Какое-то время они ехали молча. Римлянин управлял верблюдом уверенно, словно намертво запомнил путь. Фалазар же не понимал, как можно ориентироваться по бесконечным пескам, где ветер заметает даже самые свежие следы, где, кажется, нет ни времени, ни пространства – только солнце, песок, невысокие скалы вдалеке и редкие сухоцветы.
– Скоро должны загреметь Медные Барабаны под землей, – нарушил тишину Фалазар. – Говорят, они гремят, когда караван купцов обменивает товар, – если только подлые сыны Карфагена не юлят, не уходят от правды… ты слышал Медные Барабаны, сын Рима? Когда был здесь?
– Слышал. – Римлянин вдруг остановил верблюда. Огляделся. – Но сегодня они не зазвучат.
– Ты так уверен, сын Рима? Вас учат этой металлической уверенности или вы рождаетесь такими, впитываете с молоком матери?
– Так уверен. Хватит гадать, пророк. – Он дернул поводья. Верблюд двинулся с места. – Они не зазвучат ни сегодня, ни завтра. Они не зазвучат никогда.
Песок снова сводил его с ума. Снова пришлось снять кольца, снова изнуряла жара.
На этот раз ни о каких верблюдах речи не шло – может, и сторговались бы со старым капитаном, даже без серебра на руках, но верблюдов на борту просто не оказалось. По морю всю ночь словно плыл корабль-призрак с обреченными душами на борту; корабль, следовавший лишь за потусторонними огнями и с первыми лучами рассвета прибывший в новый мир – в страну Медных Барабанов.
Баалатон проснулся рядом с Кири, легкий, позабывший о болезни, словно обновленный – может, промелькнуло в сонном сознании, таков коварный рецепт исцеления? Но на смену легкости пришла обжигающая боль; Баалатон сморщился, опустил голову – и поймал миг, когда кожа ниже ключицы, в районе груди, покрылась новыми чешуйками с золотистым отливом.
Корабль они оставили позади. Кири сказала, что знает эти места – ту часть страны Медных Барабанов, куда вынесла их вода. Фива спросила, остров ли это, но Кири пожала плечами: ей неизвестно, всю жизнь видела только пески и камни; казалось, пройди пустыню от края до края – и мир просто кончится, бурным потоком воды рухнет вниз. Так, добавила Кири, порой говорили старейшины, но тут же замолкали, погружаясь в глубокую задумчивость.
Кири шла впереди, постоянно оборачиваясь на Баалатона, – и улыбалась. Он, тащивший в руке мешок с арбалетом – чуть не оставил его на корабле после столь неожиданных ночных открытий, – улыбался в ответ. В какой-то момент, совершенно неожиданно, Фива нарушила молчание:
– Если ты думаешь, что я не знаю о случившемся ночью, – ошибаешься. Не слышать – не значит не понимать.

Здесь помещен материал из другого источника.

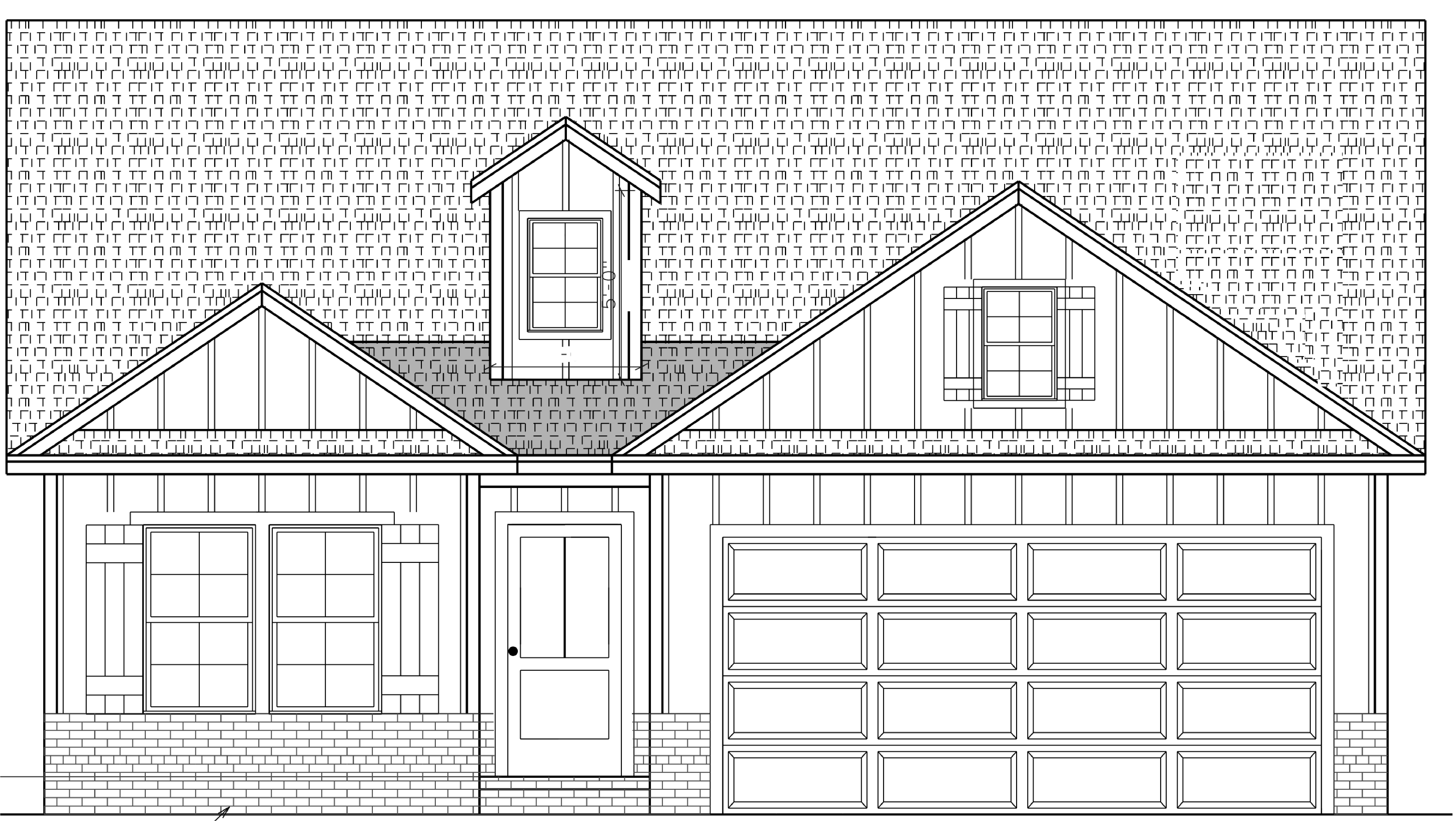 black roof white vinyl siding cream brick on lower third black shutters white garage door white window frames black window grids black window mullions 4 over 4 window grids black front door black lantern style lights on either side of garage concrete driveway extending out from garage to the bottom of the image sidewalk from front door to driveway light landscaping change angle of roof at the base of the dormer in the middle of a green lawn with scattered trees and a full tree line in the background

Баалатон рассмеялся, напугав Кири. Она остановилась, посмотрела непонимающе.
– Все в порядке, – мягко проговорила Фива. – Просто кто-то вне себя. Хорошо, если от счастья. Потому что купил долгожданный арбалет. Потому что так и видит, как подстреливает фениксов. Так ведь? Ты дурак, Баалатон. Нет, хуже. Дураки не видят, что у них под носом. Ты видишь – да никак не поверишь.
Кири засмущалась и продолжила путь.
– Ты заговорила со мной! – наконец выдавил Баалатон через смех. – А сколько гордости было! Знаешь, прежде чем обвинять меня в очередных глупостях, разберись как следует. Потому что я знаю, что ты сейчас скажешь…

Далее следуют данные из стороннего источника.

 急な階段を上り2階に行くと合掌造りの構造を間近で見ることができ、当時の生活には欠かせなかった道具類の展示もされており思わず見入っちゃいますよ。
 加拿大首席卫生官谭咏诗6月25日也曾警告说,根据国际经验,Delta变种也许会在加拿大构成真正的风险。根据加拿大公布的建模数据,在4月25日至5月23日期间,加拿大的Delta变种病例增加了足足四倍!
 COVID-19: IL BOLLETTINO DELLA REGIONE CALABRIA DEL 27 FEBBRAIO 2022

– Что ты воспользовался ею? – шепнула она и улыбнулась. – Я же сказала, что знаю о случившемся. Просто признай, что слова почтенной Моганы не были пустым звуком. И стоило ее послушать.
– Защищаешь старуху?
– Нет. Пытаюсь показать тебе, как ты был слеп, – надеюсь, хоть сейчас увидел чуть больше. Увидел же? – Фива посмотрела пристально, стеклянный глаз опять пронзил насквозь. – А вообще, Баалатон, ты настоящая свинья, пусть и покрыт не грязно-розовой толстой кожей. Тебе спасает только мое накопленное доверие. Но оно не безгранично, с каждой твоей глупостью его становится все меньше. Понимаешь?
Баалатон промолчал. Бывает ли Фива вообще неправа? Может, ему правда пора… найти иную мечту. Но тогда… как быть с заветами отца? Он не может быть неправ. Но… но… что важнее: постулаты бога или собственные желания?
Пейзажи вокруг – скучные, однообразные – заиграли чем-то новым: неуловимыми красками и оттенками, деталями, почему-то бросавшимися в глаза. Не показалось ли? Это любовь? Или так меняет разум разочарование? Песок перетекал в песок – нескончаемое полотно. Может, здесь тоже когда-то стоял великий город с мраморными храмами и шумными рынками, а все это – прах и пепел, оставшиеся после страшного пожара, после очередного сбывшегося пророчества из древних песен; и так, дурманом алых маков, истлела даже сама память. Остался песок, песок, песок, песокпесокпесок… и небо, слишком синее, по-прежнему безмятежное небо – по всем приметам предрекающее неизбежное падение.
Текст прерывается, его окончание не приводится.